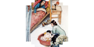 One day, Yi Niang was doing her laundry by the river when a gift box unknowingly floated upstream toward her. She used a stick to push it away from her. However, for the next few days, the box constantly floated toward her when she was doing her laundry. Finally, with her mother’s advice, she picked up the box and saw a golden hairpin in it. She put it on and realized that it couid not be removed. It turned out that the hairpin was a betrothal gift from the Lord.
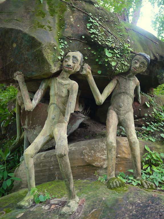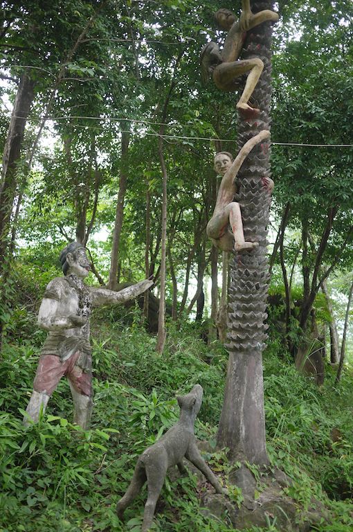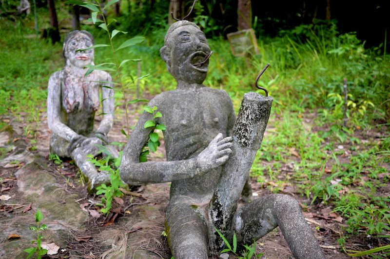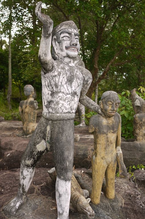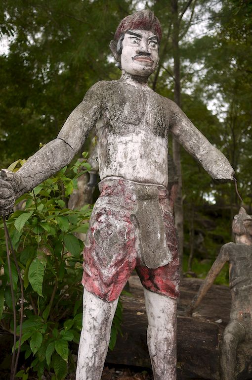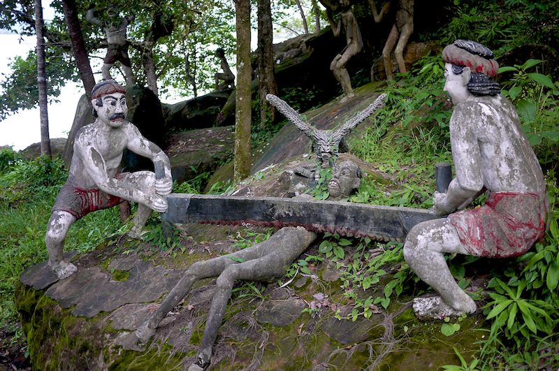 In the photos below you’ll see sadistic-looking sculptures killing people with the heads of animals. You’ll see a man being sawed in half while being pecked by a garuda, a bird of Buddhist mythology.
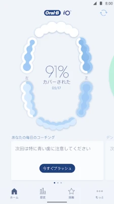 ブラッシング終了後には、磨いた時間や範囲の正確なスコアが表示され、一目で自身のパフォーマンスを把握できます。また、Oral-Bアプリはあなたのブラッシング癖を学習し、一人ひとりに最適化されたパーソナルコーチングを提供。磨き残しが多い箇所や、圧力が強すぎる部分をリアルタイムで指摘し、効率的な改善を促します。週ごと、月ごと、年ごとの詳細なサマリーで、オーラルケアの進捗を簡単に追跡し、健康な口腔環境を維持するためのモチベーションを高めることができます。Oral-Bアプリは、Oral-B iOシリーズ、GENIUS、スマートシリーズの電動歯ブラシと接続して、かつてない清潔感と自信に満ちた笑顔を手に入れるための究極のパートナーです。

□ □ □ □ □

**Task to carry out:** Restate word for word the lines running from the first line of the material to the line containing "In the photos", inclusive, and drop every picture.

**Result for this task:**
 One day, Yi Niang was doing her laundry by the river when a gift box unknowingly floated upstream toward her. She used a stick to push it away from her. However, for the next few days, the box constantly floated toward her when she was doing her laundry. Finally, with her mother’s advice, she picked up the box and saw a golden hairpin in it. She put it on and realized that it couid not be removed. It turned out that the hairpin was a betrothal gift from the Lord.
 In the photos below you’ll see sadistic-looking sculptures killing people with the heads of animals. You’ll see a man being sawed in half while being pecked by a garuda, a bird of Buddhist mythology.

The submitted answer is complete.